La Russie détient environ 630 milliards de dollars de réserves, dont environ la moitié était détenue dans des banques étrangères en janvier 2022. Les États-Unis, la Commission européenne, la France, l’Allemagne, l’Italie, le Royaume-Uni et le Canada ont gelé toutes les réserves de devises étrangères de Moscou dans leurs propres juridictions.

En outre, Washington a interdit au premier institut de crédit russe, la Sberbank, ainsi qu’à de nombreuses autres grandes banques du pays, d’effectuer la plupart des transactions en dollars américains, limitant les achats d’obligations russes aux États-Unis.

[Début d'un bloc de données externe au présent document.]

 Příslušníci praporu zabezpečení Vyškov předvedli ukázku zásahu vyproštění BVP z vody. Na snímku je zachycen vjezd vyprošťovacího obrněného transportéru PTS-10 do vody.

Le gouvernement américain a également restreint les exportations de ressources et de services de renseignement, de défense et d’énergie vers la Russie, qui est l’un des plus grands producteurs de pétrole et de gaz naturel au monde. Les importations de pétrole et de gaz en provenance du pays agresseur avaient déjà été bloquées, et le Royaume-Uni s’est engagé à les éliminer progressivement d’ici la fin de l’année.

Si l’UE se joint aux États-Unis et au Royaume-Uni pour interdire le pétrole et le gaz russes, le Gold Bureau estime que l’économie russe pourrait se contracter d’environ 20 %.